Frank explains, again, that the Church set up Jubilee so that eveyone who lived there could have a guaranteed income, meant to be enough to pay for their share of the land. You’re skeptical about where they get all the money from, and Frank admits that because Jubilee is new, and there’s so much interest in it, rents are still quite high compared to the free income. He says all the construction going on should help to bring rents down, though.

Frank is flatting with four other guys. It seems a bit crowded; two of the bedrooms have two beds crammed into each of them. He says a lot of people squeeze into houses in Jubilee, because another person in the house with another guaranteed income makes it easier to pay the rent.

You have a look at what houses are available. The rents are surprisingly high, but Frank reminds you to take into account the guaranteed income. That makes the rents seem comparable with what you’re used to.

On the way back to Frank’s house, he stops at the shops. The prices are noticeably higher than what you normally pay, which puts you off moving to Jubilee.

Frank visits you occasionally for a haircut. He says that even if you weren’t charging mate’s rates, it would still be about as cheap as getting a haircut in Jubilee, even taking transport into consideration.

Things still aren’t going well at work, so you wonder again about Jubilee. If haircuts really are that expensive there, maybe you could make a decent living. You’d be happy to work for yourself instead of having to tolerate your boss’s toleration of Julie.

So you look online for places to rent in Jubilee. You get Frank to look around some places in person for you. You eventually find a small place with a garage that you might be able to use for cutting people’s hair. It’s just cheap enough that you think you won’t have to share it with anyone, so you go for it.

When you move to Jubilee, the Church pays your guaranteed income not in dollars, but in Jubilee’s own currency, called hāora; you get 168 hāora each week. Frank says some people accept them as payment (especially landlords), but you decide to sign up with a company that’ll regularly convert them into ordinary dollars for you. They can change the exchange rate if they want, but they have to give you plenty of warning if they’re going to reduce what they pay you, so that you can find someone else to buy your hāora from you at a better price.

You’re not sure how the Church can conjure up a new currency and expect it to be worth something, but you’re happy it works, and when you think about it, you’re not sure why dollars are worth anything, either.

Setting up your own hairdressing business is harder than you expected, but you’re glad of the guaranteed income to keep you going. Frank suggests getting a loan from the bank; apparently it’s not too hard for Jubilee residents to get loans, because the bank knows you’ll always have some income.

You ask Frank to come along with you to talk to the bank manager. He says he’s no expert, but he agrees to do his best to work out whether they’re trying to pull the wool over your eyes.
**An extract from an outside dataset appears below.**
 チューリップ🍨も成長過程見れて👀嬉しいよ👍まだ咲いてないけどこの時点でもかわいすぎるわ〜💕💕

Actually, they’re really helpful, and they have some good advice about how to keep your business afloat. They point out that it’s in their interests to make sure your business is good enough to pay back the loan.

You settle down in Jubilee and start to like the place. Rents start to come down in Jubilee, but they come down in other places, too.
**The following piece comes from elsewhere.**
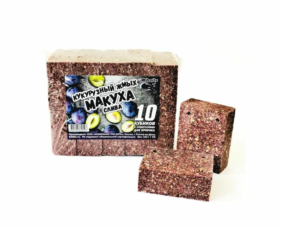 Кукурузный жмых-макуха с отверстиями для крючка "Слива" 10 кубиков / 320г

Your grandmother says that the Church is unfairly hurting property prices outside Jubilee by using the guaranteed income to lure residents away. She’s joined a campaign to get the government to tax the guaranteed income that Jubilee residents get. She realizes you appreciate the income, but she warns that falling property prices might harm your inheritance in the long run.
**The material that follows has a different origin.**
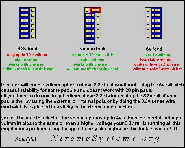 Taj 3.3v trik kod mene ne vrijedi,premjestio sam jumper na 2-3 poziciju (expand dram voltage up to 4v) i stavio 3.3v a sada i 3.4v dok testiram i digao sinhrono s fsb 250 x 10 memoriju.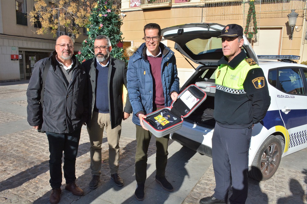 El alcalde de Elda, Rubén Alfaro, junto con el concejal de Seguridad Ciudadana, Jose Antonio Amat, el concejal Paco García y el comisario principal, Francisco Cazorla, ha anunciado que, a partir de ahora, la Policía Local de Elda dispondrá de tres desfibriladores portátiles.

Frank says that if the government taxes the guaranteed income, then they’ll be violating the agreement that they made with the Church when Jubilee was established. It’s a good thing Frank’s from the other side of your family, or there’d be heated debates with your grandmother at Christmas.

Each year, another part of Jubilee is put up for auction by the Church. The winners get 50-year leases on the land they bid on. They have to pay in hāora. You get the impression from Frank that this has something to do with setting the value of the hāora, but you don’t quite see how.

Over time, rents come down to the point where a lot of families have money left over from their guaranteed income after they’ve paid their rent. Some buy 50-year leases (or the remainders of 50-year leases that other people bought previously), but all but the richest of them end up paying mortgages instead of rent. Still, they’re better off than if they were renting or paying a mortgage outside Jubilee.

Some people try to buy or borrow 50 years’ worth of hāora, or even 100 years’ worth for a couple. The idea is that they can buy a 50-year lease with it and build their own house, grow their own food, and so on, saving up their guaranteed income so that their kids can buy the next 50-year lease with it. You could never imagine being rich enough to try that.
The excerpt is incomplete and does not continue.